**WORK REQUIRED**
Your answer should be the records, copied exactly, with the pictures removed.

[Collected data]
[Start of Attachment]

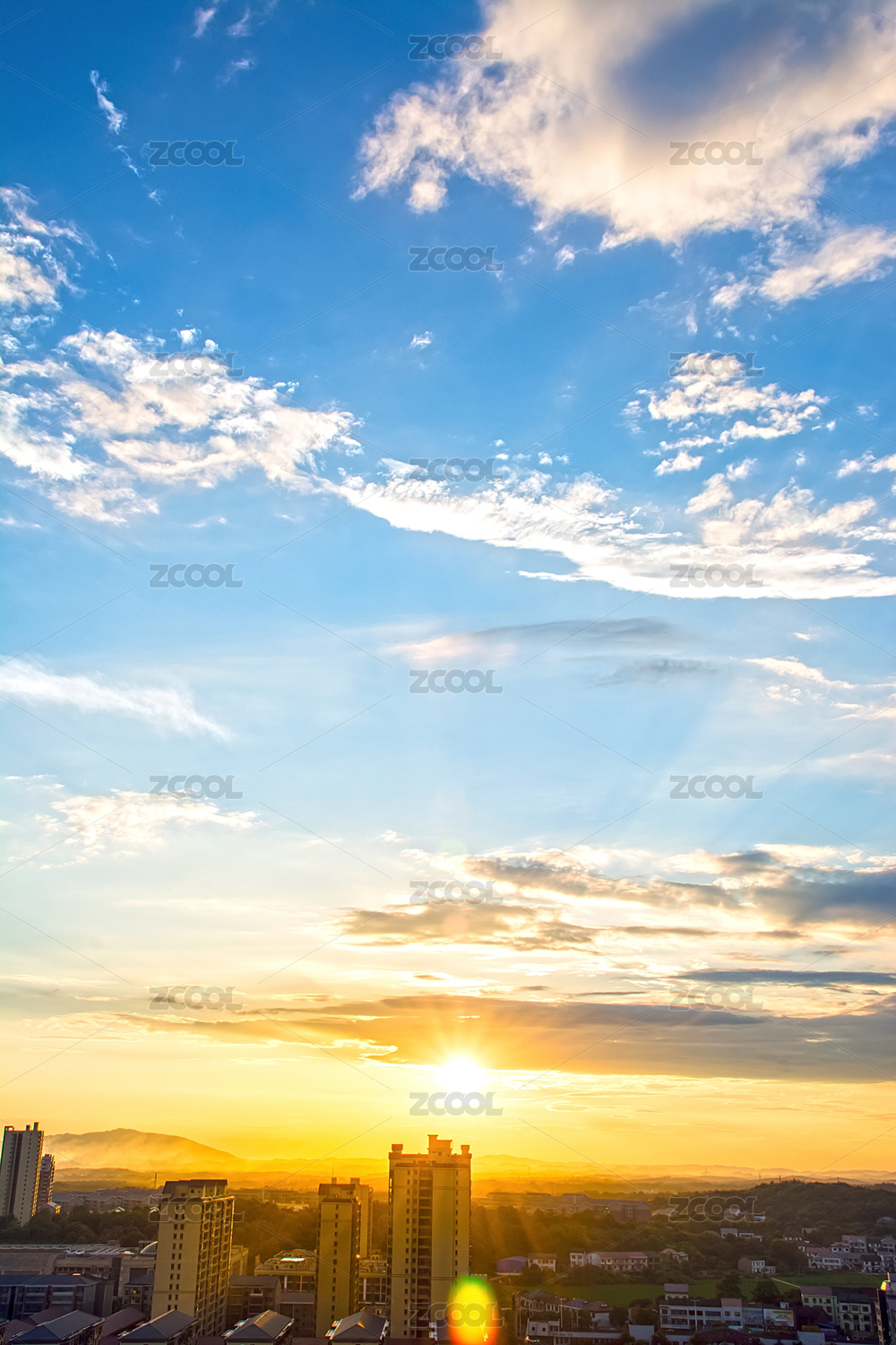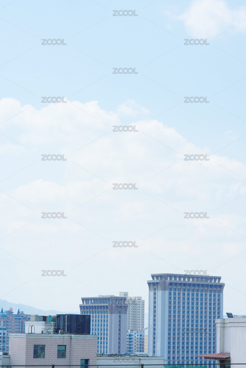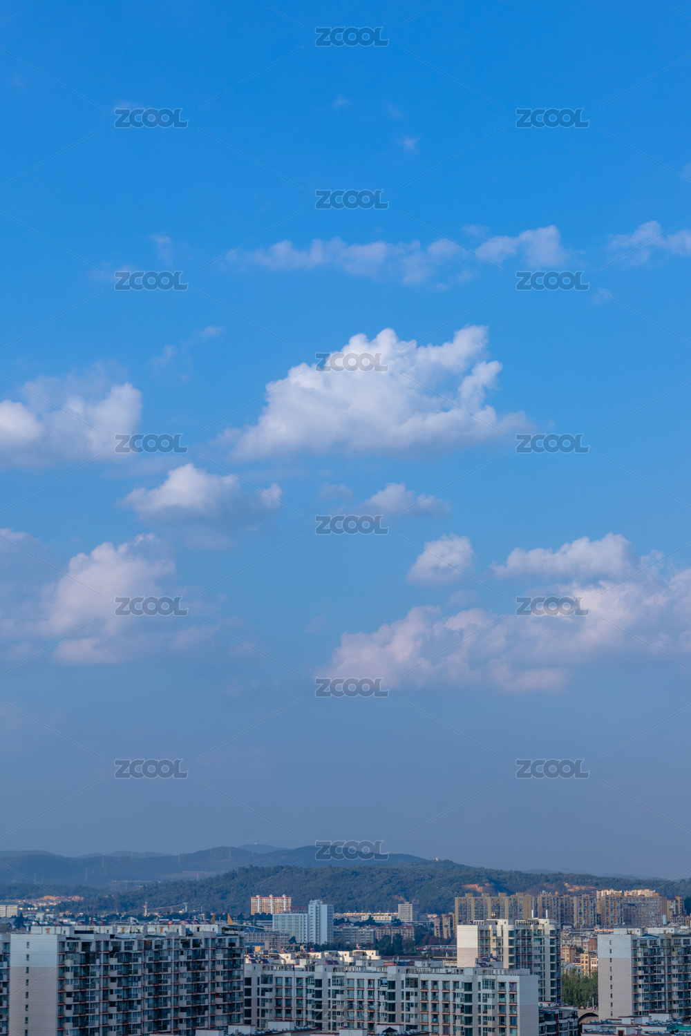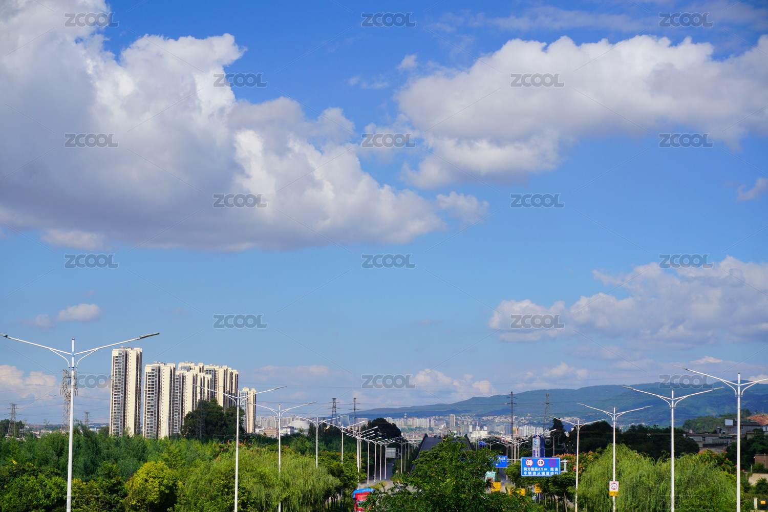 蓝天白云映衬下的住宅楼群及路边的树木美景,中国北京昌平
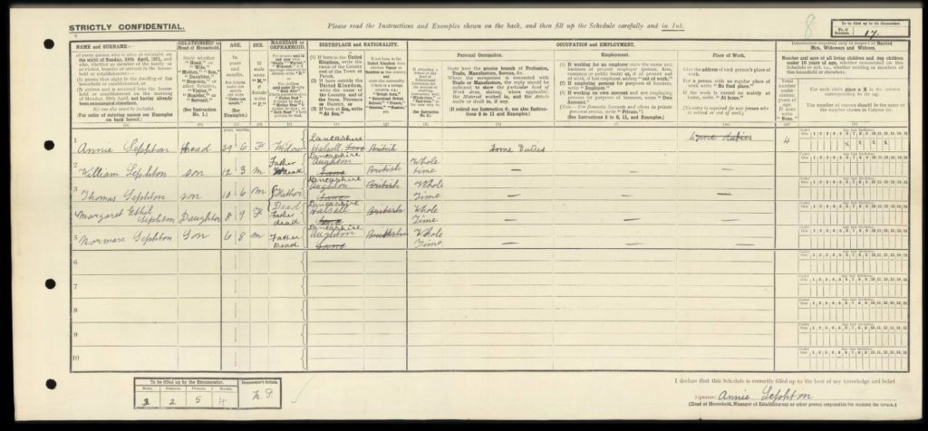 In 1921, Annie and her family were still living at 15 Halsall Lane; the children attended school and Annie carried out home duties as well as looking after her children.
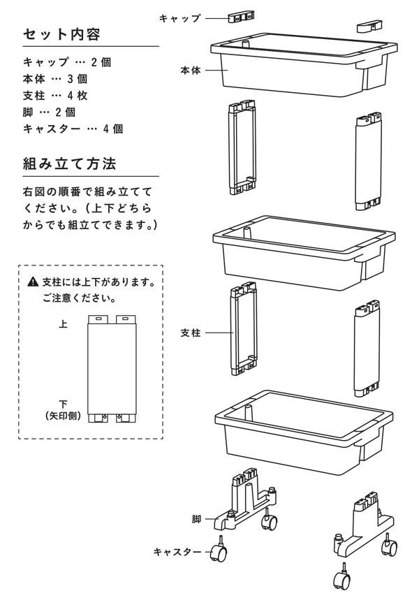 | 素材・材質 | 本体・支柱・脚・キャップ:ポリプロピレン キャスター:ポリプロピレン(鉄芯入) |
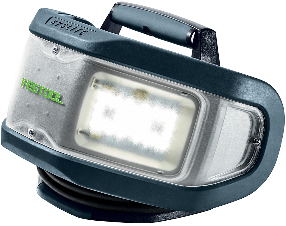 - Flexibilní možnosti použití: postavená na podlaze nebo na ploše, na stativu Festool nebo libovolně zavěšená na háku díky možnosti zavěšení na zadní straně SYSLITE DUO
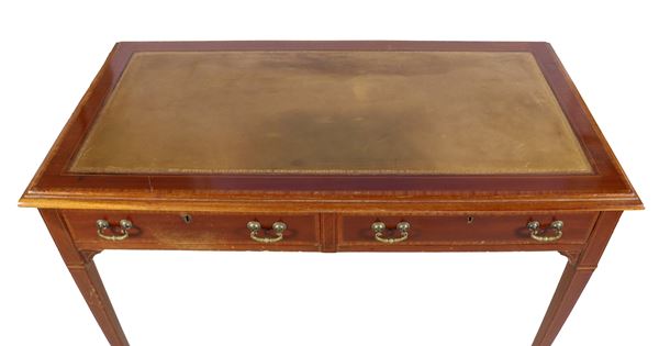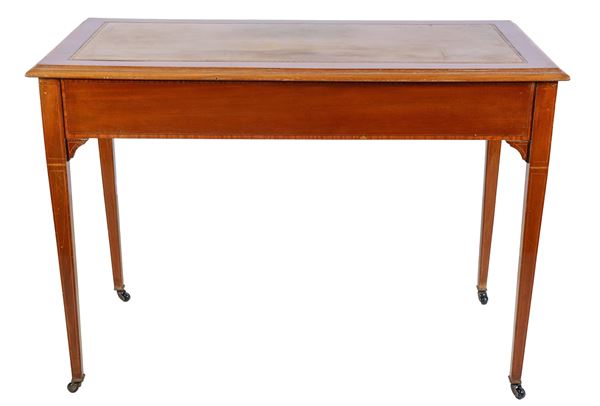 Antico tavolo scrittoio con sedia d'accompagno Epoca Regina Vittoria, in mogano, con filettature intarsiate in legno satinato, due tiretti, [..]
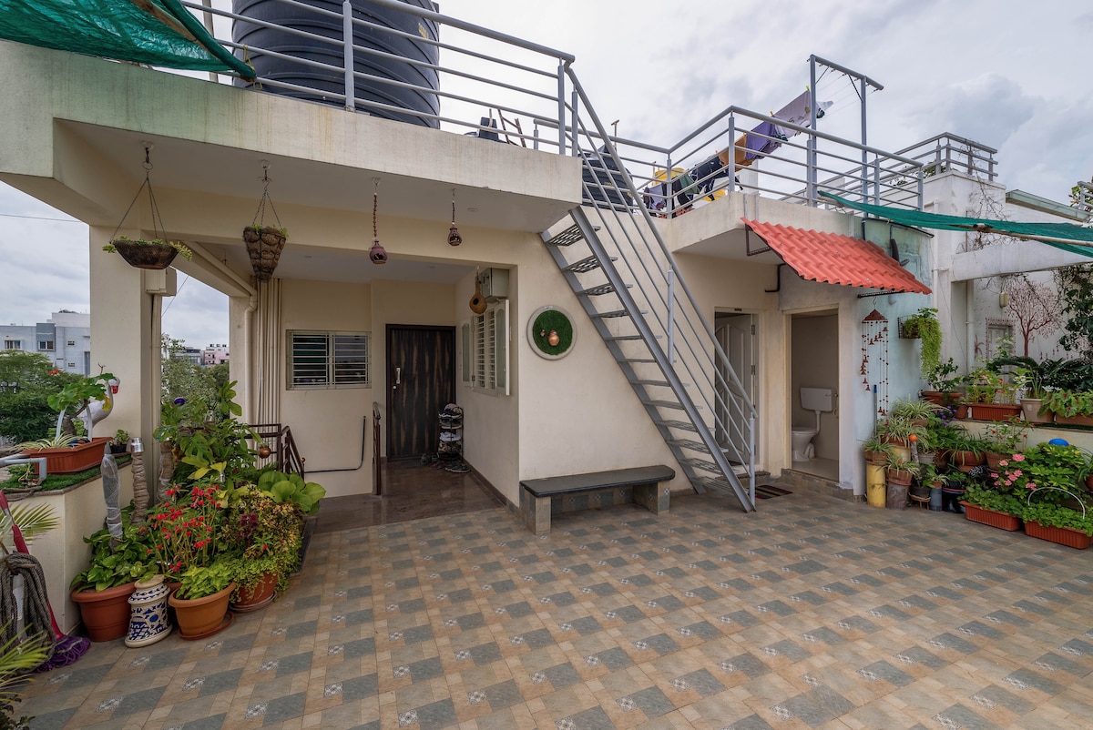 Stand alone studio on villa's terrace with an independent entry. Villa is part of a gated community and the host lives in the floors below, ensuring timely response for anything you need. Entire terrace floor is for guest's exclusive use. This includes a studio, sit-out deck and green terrace full of seasonal vegetables and flowers. 2/4 wheeler parking is available. Ideal for two adults or a couple with a young child. Extra guests can be accommodated on a floor mattress (chargeable)
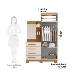 O Guarda Roupa 2 portas com cômoda Auris garante ao seu quarto mais beleza e praticidade ao seu dia-a-dia. Produzido em 100% MDF com excelente espaço interno, gavetas espaçosas com corrediças telescópicas metálicas, possui penteadeira com espelho, cabideiro em alumínio, possui pés que facilitam a limpeza abaixo do móvel. Acabamento da Prateleira: Pintura UV Escala de Brilho da Prateleira: Semi-Brilho Acabamento da Gaveta: Pintura UV Escala de Brilho da Gaveta: Semi-Brilho Possui Organizador de Gaveta: Não Acabamento da Porta: Pintura UV Escala de Brilho da Porta: Semi-Brilho Material do Puxador da Porta: MDF Acabamento dos Pés: Pintura Altura do Espelho: 60 cm Altura dos Pés: 5 cm Altura Máxima dos Pés: 5.0000 codigo_ean: 7900288191427 Complexidade da Montagem: Média: pode ser montado por mais de uma pessoa e/ou necessite de maior conhecimento para montagem Cor: Cinamomo/Off White Cor da Porta: Off White Cor do Produto: Cinamomo/Off White Cor do Puxador: Marrom Cor Flex: Não Cor Interna: Off White Escala de Brilho: Semi-Brilho Espessura do Espelho: 3 mm Formato do Espelho: Retangular Gaveta com Chave: Não Guarda-Roupa Suporta Até (kg): 60 kg Itens Inclusos: 1 Guarda-Roupa com Cômoda, Kit Ferragens e Manual de Montagem Largura do Espelho: 35 cm Linha ou Coleção: Auris Manual de Montagem e Instalação: https://product-hub-prd.madeiramadeira.com.br/724094909/documents/06ac5e63-8d83-4691-9fe0-5d027a514a9d3057995453317520064117677.pdf Marca: Espresso Móveis Material da Gaveta: MDF Material da Porta: MDF Material da Prateleira: MDF Material dos Pés: ABS Material Principal: MDF modular: Não Montagem Flex: Não Necessita Montagem: Sim Nicho com Cabideiro: Não Origem do Produto: Nacional Peso: 58,8 kg Peso Máximo por Gaveta: 5 kg Peso Máximo por Prateleira: 5 kg Porta Janelada: Não Possui Calceiros: Não Possui Capelinha: Não Possui Ganchos: Não Possui Nichos: Não Possui Penteadeira: Sim Possui Pés: 06 Possui Portas: Sim Possui Prateleiras: Sim Produto Montado: Sim Quantidade de Cabideiros: 01 Cabideiro Quantidade de Espelho: 01 Quantidade de Gavetas: 04 Gavetas Quantidade de Prateleiras: 02 Prateleiras Recomendações de Uso, Manutenção e Limpeza: Para limpar não use nenhum tipo de produto, tais como sabão, esponja de aço, álcool e lustra-móveis. Use somente uma flanela seca. Não molhe nem exponha o móvel à umidade ou a luz solar diretamente ou outra forma de calor. Não encoste o móvel na parede. Não o arreste. Se precisar mudar o móvel de lugar, esvazie por completo o móvel, não o arraste, com ajuda de outras pessoas suspenda o móvel de forma segura e o posicione no lugar desejado. Sapatas Niveladoras: Não Sistema de Montagem: Parafusos, Minifix e Cavilhas Suporta Até (kg): 60 kg Tipo de Corrediça da Gaveta: Metálica Telescópica Tipo de Dobradiça/Corrediça da Porta: Metálica Tipo de Fixação do Espelho: Parafusos Tipo de Gaveta: Externa Tipo de Guarda-Roupa: Infantil Tipo de Puxador da Porta: Externo

[End of Attachment]

**ANSWER SPACE**
 蓝天白云映衬下的住宅楼群及路边的树木美景,中国北京昌平
 In 1921, Annie and her family were still living at 15 Halsall Lane; the children attended school and Annie carried out home duties as well as looking after her children.
 | 素材・材質 | 本体・支柱・脚・キャップ:ポリプロピレン キャスター:ポリプロピレン(鉄芯入) |
 - Flexibilní možnosti použití: postavená na podlaze nebo na ploše, na stativu Festool nebo libovolně zavěšená na háku díky možnosti zavěšení na zadní straně SYSLITE DUO
 Antico tavolo scrittoio con sedia d'accompagno Epoca Regina Vittoria, in mogano, con filettature intarsiate in legno satinato, due tiretti, [..]
 Stand alone studio on villa's terrace with an independent entry. Villa is part of a gated community and the host lives in the floors below, ensuring timely response for anything you need. Entire terrace floor is for guest's exclusive use. This includes a studio, sit-out deck and green terrace full of seasonal vegetables and flowers. 2/4 wheeler parking is available. Ideal for two adults or a couple with a young child. Extra guests can be accommodated on a floor mattress (chargeable)
 O Guarda Roupa 2 portas com cômoda Auris garante ao seu quarto mais beleza e praticidade ao seu dia-a-dia. Produzido em 100% MDF com excelente espaço interno, gavetas espaçosas com corrediças telescópicas metálicas, possui penteadeira com espelho, cabideiro em alumínio, possui pés que facilitam a limpeza abaixo do móvel. Acabamento da Prateleira: Pintura UV Escala de Brilho da Prateleira: Semi-Brilho Acabamento da Gaveta: Pintura UV Escala de Brilho da Gaveta: Semi-Brilho Possui Organizador de Gaveta: Não Acabamento da Porta: Pintura UV Escala de Brilho da Porta: Semi-Brilho Material do Puxador da Porta: MDF Acabamento dos Pés: Pintura Altura do Espelho: 60 cm Altura dos Pés: 5 cm Altura Máxima dos Pés: 5.0000 codigo_ean: 7900288191427 Complexidade da Montagem: Média: pode ser montado por mais de uma pessoa e/ou necessite de maior conhecimento para montagem Cor: Cinamomo/Off White Cor da Porta: Off White Cor do Produto: Cinamomo/Off White Cor do Puxador: Marrom Cor Flex: Não Cor Interna: Off White Escala de Brilho: Semi-Brilho Espessura do Espelho: 3 mm Formato do Espelho: Retangular Gaveta com Chave: Não Guarda-Roupa Suporta Até (kg): 60 kg Itens Inclusos: 1 Guarda-Roupa com Cômoda, Kit Ferragens e Manual de Montagem Largura do Espelho: 35 cm Linha ou Coleção: Auris Manual de Montagem e Instalação: https://product-hub-prd.madeiramadeira.com.br/724094909/documents/06ac5e63-8d83-4691-9fe0-5d027a514a9d3057995453317520064117677.pdf Marca: Espresso Móveis Material da Gaveta: MDF Material da Porta: MDF Material da Prateleira: MDF Material dos Pés: ABS Material Principal: MDF modular: Não Montagem Flex: Não Necessita Montagem: Sim Nicho com Cabideiro: Não Origem do Produto: Nacional Peso: 58,8 kg Peso Máximo por Gaveta: 5 kg Peso Máximo por Prateleira: 5 kg Porta Janelada: Não Possui Calceiros: Não Possui Capelinha: Não Possui Ganchos: Não Possui Nichos: Não Possui Penteadeira: Sim Possui Pés: 06 Possui Portas: Sim Possui Prateleiras: Sim Produto Montado: Sim Quantidade de Cabideiros: 01 Cabideiro Quantidade de Espelho: 01 Quantidade de Gavetas: 04 Gavetas Quantidade de Prateleiras: 02 Prateleiras Recomendações de Uso, Manutenção e Limpeza: Para limpar não use nenhum tipo de produto, tais como sabão, esponja de aço, álcool e lustra-móveis. Use somente uma flanela seca. Não molhe nem exponha o móvel à umidade ou a luz solar diretamente ou outra forma de calor. Não encoste o móvel na parede. Não o arreste. Se precisar mudar o móvel de lugar, esvazie por completo o móvel, não o arraste, com ajuda de outras pessoas suspenda o móvel de forma segura e o posicione no lugar desejado. Sapatas Niveladoras: Não Sistema de Montagem: Parafusos, Minifix e Cavilhas Suporta Até (kg): 60 kg Tipo de Corrediça da Gaveta: Metálica Telescópica Tipo de Dobradiça/Corrediça da Porta: Metálica Tipo de Fixação do Espelho: Parafusos Tipo de Gaveta: Externa Tipo de Guarda-Roupa: Infantil Tipo de Puxador da Porta: Externo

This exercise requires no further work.